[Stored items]
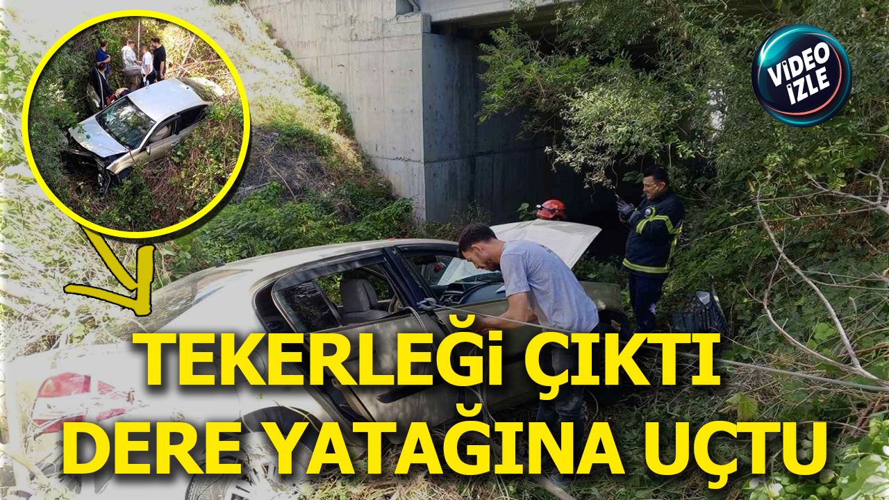 Bilecik’te seyir halindeyken bir tekerleğinin fırlaması sonucu kontrolden çıkan otomobil dere yatağına uçarken 1’i ağır 2 kişi yaralandı.
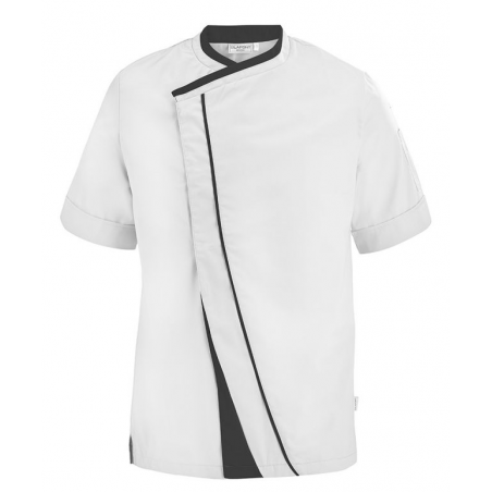 Veste homme croisée, fermée par grippers cachés. Double empiècement milieu devant avec angle bas contrasté et biais contrasté sur toute la hauteur. Style double col avec twill en jacquard sur hauteur milieu dos du col. Œillets d'aération brodés à l'emmanchure. Fentes côtés renforcées par un twill en jacquard. Manches longues avec poignets rapportés à contraste intérieur. Broderie directe "LAFONT + bleu/blanc/rouge" sur bas de manche gauche.
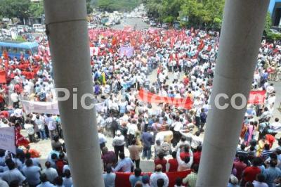 Photo Caption : Various organizations partake in protest rally at Town Hall, following 10 central trade unions called Nationwide strike to protest against the labour reforms proposed by the Central government, in Bengaluru on Wednesday 2nd September 2015
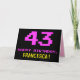 The front of this fun, nerdy, and geeky birthday-themed greeting card design features a large number "43" and the message "HAPPY BIRTHDAY," coloured pink, along with a bold yellow customisable recipient name. The text has a look inspired by that of retro 8-bit style computer/video game graphics from the 1970s and 1980s, and the background is coloured black. The inside features a customisable birthday greeting message, or could perhaps be cleared and left blank if a message is to be written by hand instead. A silly customisable birthday card like this might be a fun way to send a message celebrating somebody’s forty third birthday. [~Z0000478]
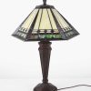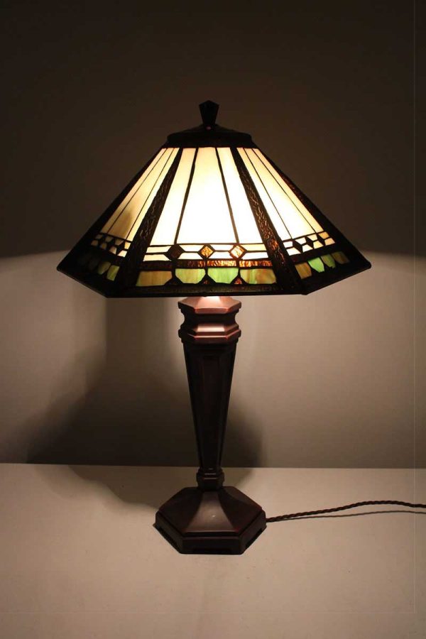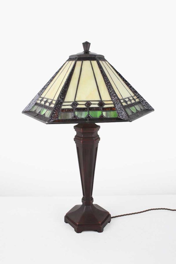 Art Deco Style Tiffany Table Lamp with Hexagonal Glass Shade
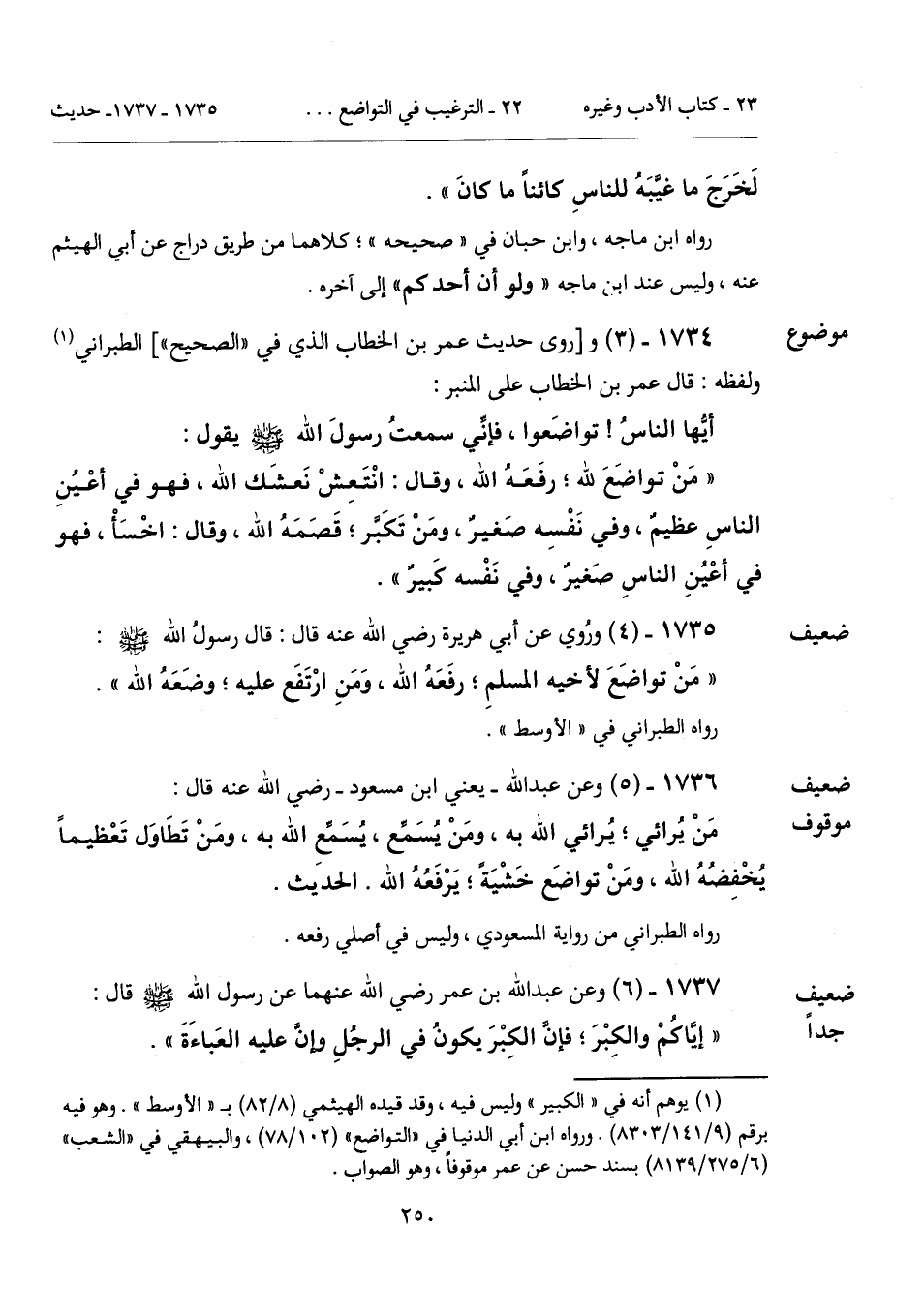 (¬1) يوهم أنه في "الكبير" وليس فيه، وقد قيده الهيثمي (8/ 82) بـ"الأوسط". وهو فيه برقم (9/ 141/ 8303). ورواه ابن أبي الدنيا في "التواضع" (102/ 78)، والبيهقي في "الشعب" (6/ 275/ 8139) بسند حسن عن عمر موقوفاً، وهو الصواب.
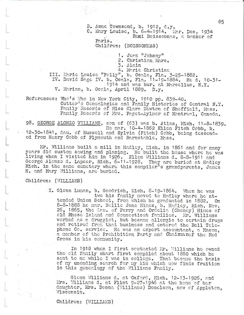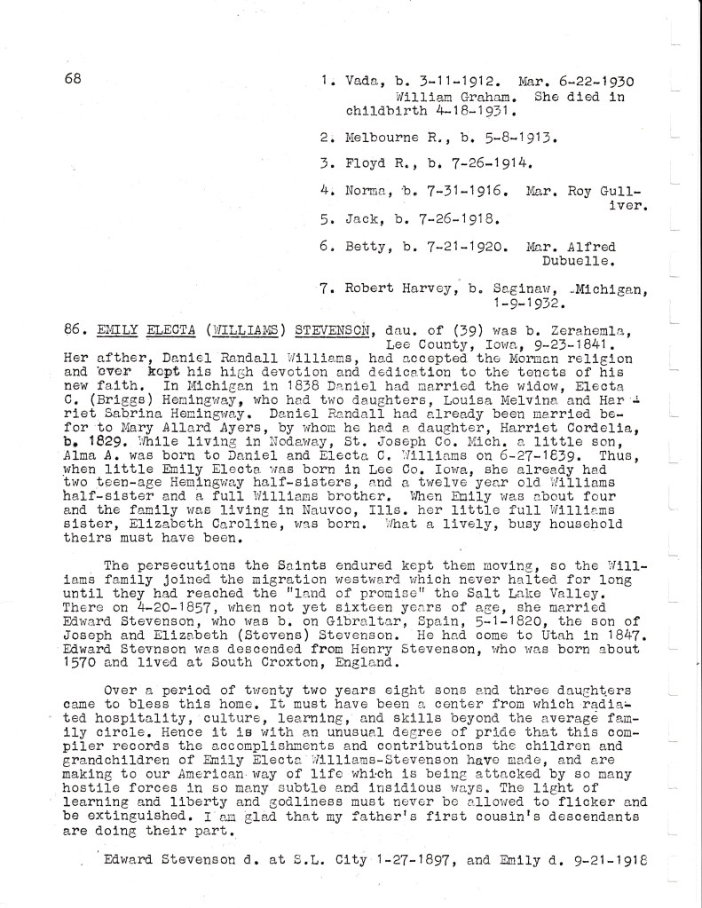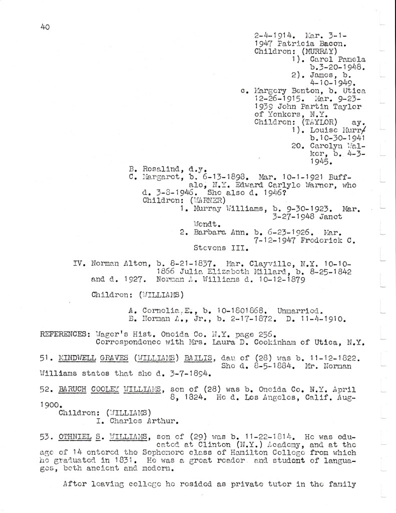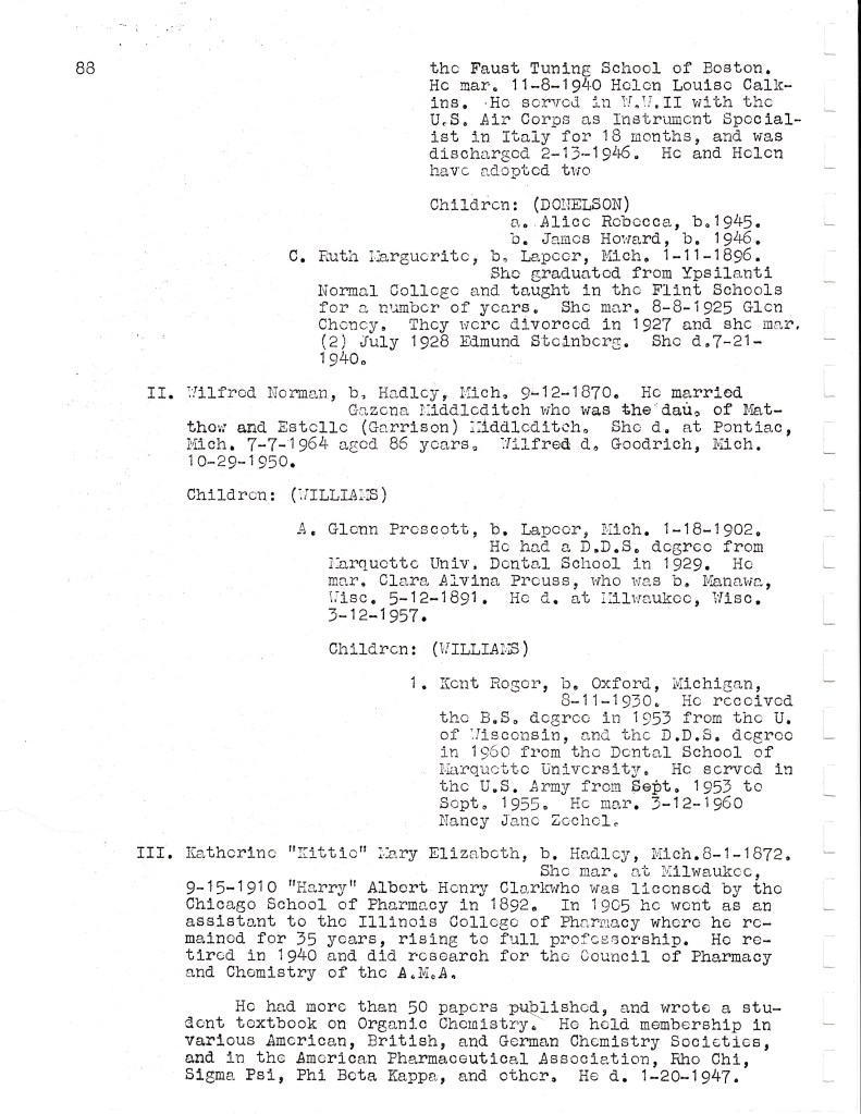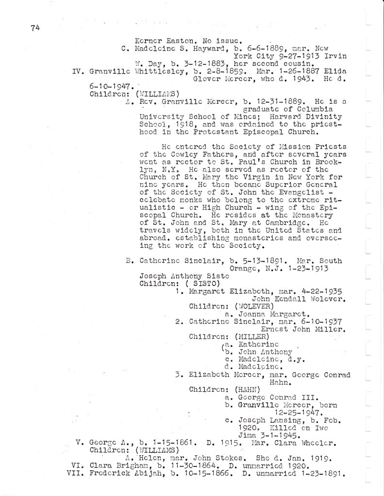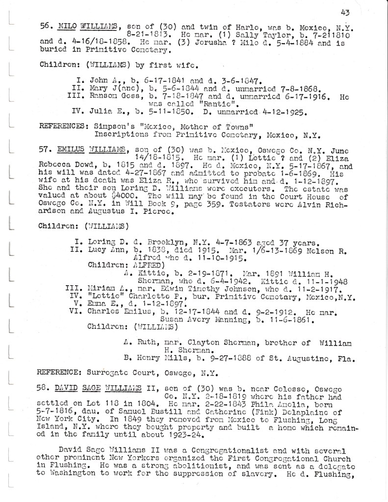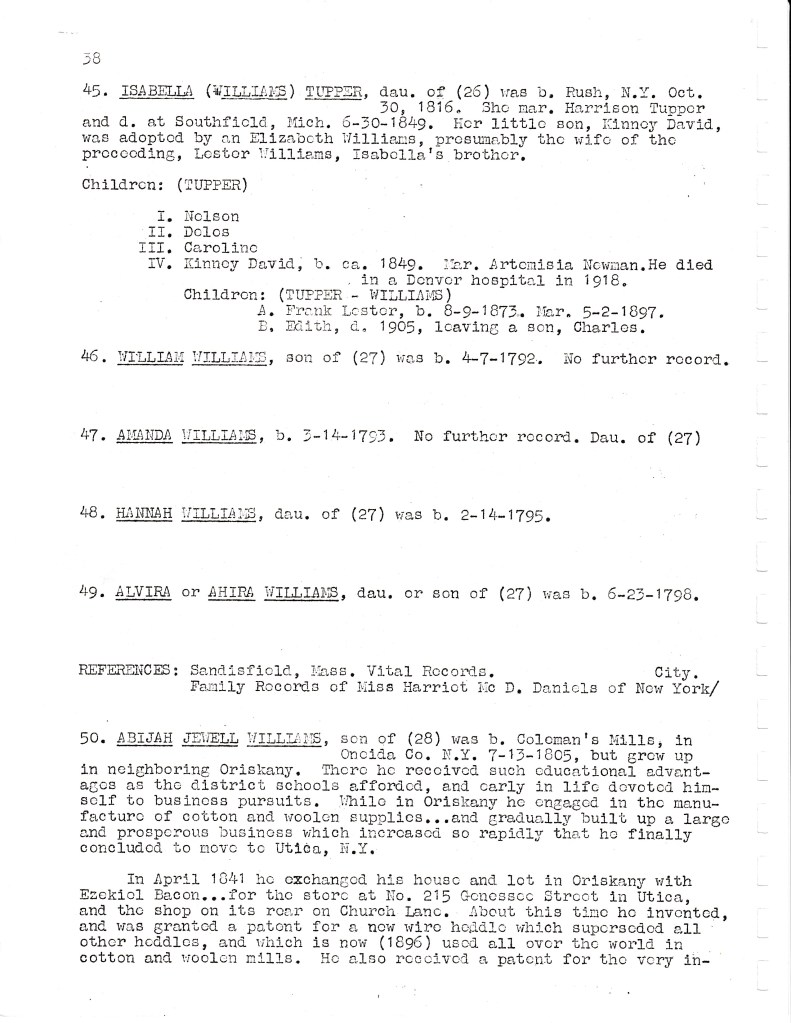The ancestors and descendants of Daniel & Lovina Hovey Williams of Wethersfield, Connecticut, Whitestown, Lima and Rush, New York, and Grand Blanc, Michigan 1647-1964 and collateral kin.
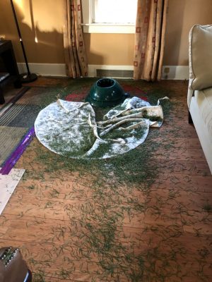 While I walked Stella to the Post office today, G took down the tree.
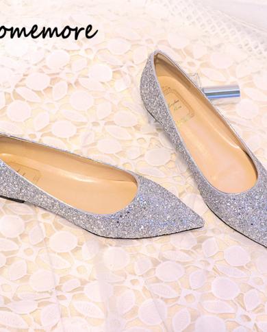 Comemore Fashion Elegant Silver Bling Glitter Flats Women Casual Pointed
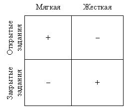 Данное положение можно проиллюстрировать на модели четырехклеточной прямоугольной матрицы. По горизонтали мы обозначим два полярных стиля решения задач, а по вертикали характер предлагаемых заданий. (см. Рис.1)
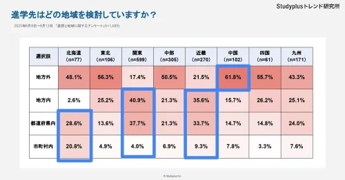 スタディプラスのStudyplusトレンド研究所は21日、全国の高校生を対象に「地域と進路に関するアンケート」を実施した結果を公表した。
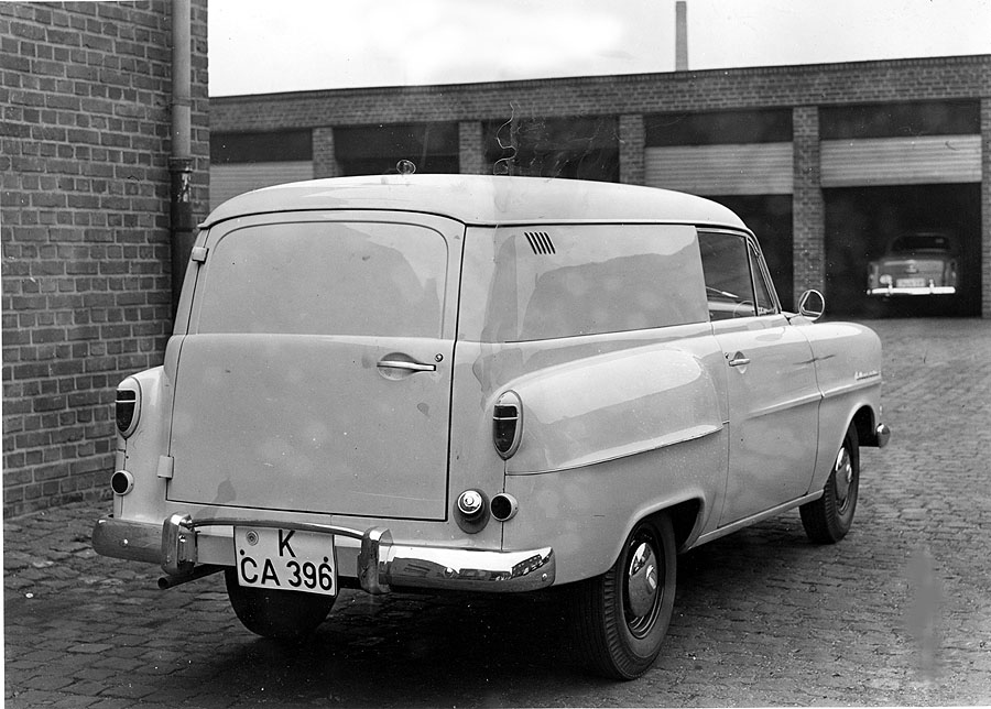 Opel Olympia Rekord in der besonderen Ausbauvariante für Geschäftsleute auf dem Werkshof des Fahrzeugausstatters
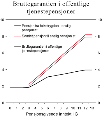 Bruttogarantien i de offentlige tjenestepensjonsordningene innebærer at eventuelle endringer i folketrygden ikke får noen betydning for det garanterte pensjonsbeløpet. Pensjonistens samlede pensjon blir dermed ikke berørt av endringer i folketrygden. Dersom ytelsene fra folketrygden reduseres, vil tjenestepensjonsordningens forpliktelser økes tilsvarende, samtidig som tjenestepensjonen reduseres ved økte ytelser fra folketrygden.
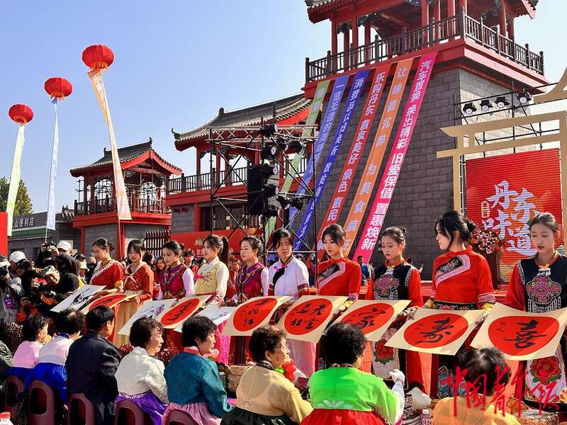 中国青年报客户端丹东10月11日电(中青报· 中青网记者 何春中)10月11日是重阳节,由辽宁省丹东市商务局、丹东市民族和宗教事务局、丹东市民政局、丹东市老龄工作委员会主办,丹东市民族团结进步促进会、丹东市朝鲜族联合会承办的重阳节专场演出"岁月悠悠,民族共融”璀璨长寿宴在虎山长城举行。
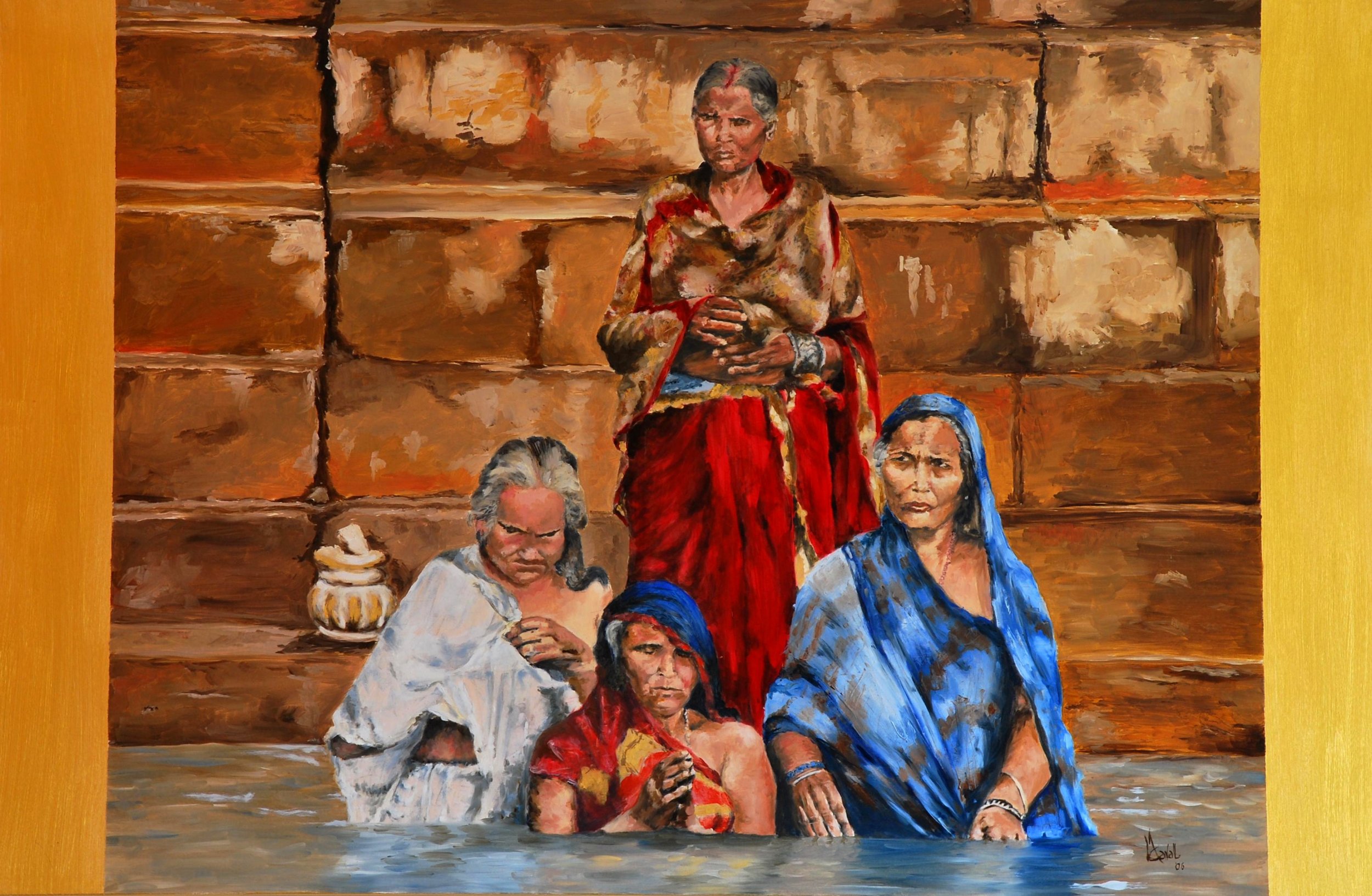 La sacralità del momento più intimo e pubblico delle donne nella pratica indiana delle immersioni nel Gange. Un'immagine che richiama alla costruzione classico-pittorica e che traspone verso la realtà che è passione nella credenza religiosa.
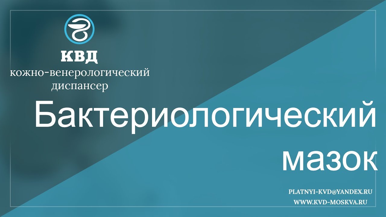 Бактериологический мазок - это посев выделений из половых путей на специальные жидкие или твердые питательные среды. Можно взять из уретры, влагалища или цервикального канала, при помощи стерильных инструментов (зонд или петля). Посев биоматериала происходит на питательную среду, где затем выращиваются колонии микроорганизмов в течение 3-10 дней. Подробнее - https://kvd-moskva.ru/bakteriologicheskiy-mazok/ Для подробной консультации по этому вопросу, обращайтесь в платный центр КВД-Москва. Наши телефоны: 8 (495) 642-30-37, 8 (495) 532-66-57 Наш e-mail: platnyi-kvd@yandex.ru Наш сайт: http://kvd-moskva.ru
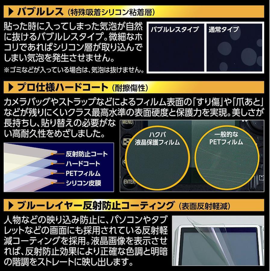 3営業日以内に発送≪新品未開封品≫:最高水準の表面硬度と貼りやすさを誇るバブルレスタイプの液晶保護フィルム。ブルーレイヤー反射防止(AR)コーティングにより視認性の高いクリアな画面を保ちます。帯電防止処理済み。・人物などの映り込み防止に、パソコンやタブレットなどの画面にも採用されている反射防止コーティングを採用。高い反射防止効果により正確な色調と明暗の階調をストレートに映し出します。・貼った時に入ってしまった気泡が自然に消えるバブルレスタイプ。微細なホコリであればシリコン粘着層が取り込み気泡を発生させません。※ゴミなどが入っている場合は、気泡は抜けません。・フィルム表面の「すり傷」や「爪あと」などが残りにくいクラス最高水準の表面硬度(3H)と保護力を実現。美しさが長持ちし、貼り替えの必要がない高耐久性をめざしました。※人の爪の硬さは2H程度です。・帯電防止性により液晶画面にホコリやチリを寄せ付けません。撥油性フッ素系素材を採用しており、指紋汚れをはじくため、簡単に拭き取ることができます。・シリコン粘着層の自己吸着性により、フィルムを画面に置くだけで自然に貼りつくため貼り付けが簡単です。また、貼り付け

- [ACTIVITY] Among the lines above, the one with "Veste homme croisée, fermée" opens the part to repeat and the one with "(¬1) يوهم أنه" closes it; repeat only that part exactly, with no pictures.

- [EXPECTED ANSWER]
 Veste homme croisée, fermée par grippers cachés. Double empiècement milieu devant avec angle bas contrasté et biais contrasté sur toute la hauteur. Style double col avec twill en jacquard sur hauteur milieu dos du col. Œillets d'aération brodés à l'emmanchure. Fentes côtés renforcées par un twill en jacquard. Manches longues avec poignets rapportés à contraste intérieur. Broderie directe "LAFONT + bleu/blanc/rouge" sur bas de manche gauche.
 Photo Caption : Various organizations partake in protest rally at Town Hall, following 10 central trade unions called Nationwide strike to protest against the labour reforms proposed by the Central government, in Bengaluru on Wednesday 2nd September 2015
 The front of this fun, nerdy, and geeky birthday-themed greeting card design features a large number "43" and the message "HAPPY BIRTHDAY," coloured pink, along with a bold yellow customisable recipient name. The text has a look inspired by that of retro 8-bit style computer/video game graphics from the 1970s and 1980s, and the background is coloured black. The inside features a customisable birthday greeting message, or could perhaps be cleared and left blank if a message is to be written by hand instead. A silly customisable birthday card like this might be a fun way to send a message celebrating somebody’s forty third birthday. [~Z0000478]
 Art Deco Style Tiffany Table Lamp with Hexagonal Glass Shade
 (¬1) يوهم أنه في "الكبير" وليس فيه، وقد قيده الهيثمي (8/ 82) بـ"الأوسط". وهو فيه برقم (9/ 141/ 8303). ورواه ابن أبي الدنيا في "التواضع" (102/ 78)، والبيهقي في "الشعب" (6/ 275/ 8139) بسند حسن عن عمر موقوفاً، وهو الصواب.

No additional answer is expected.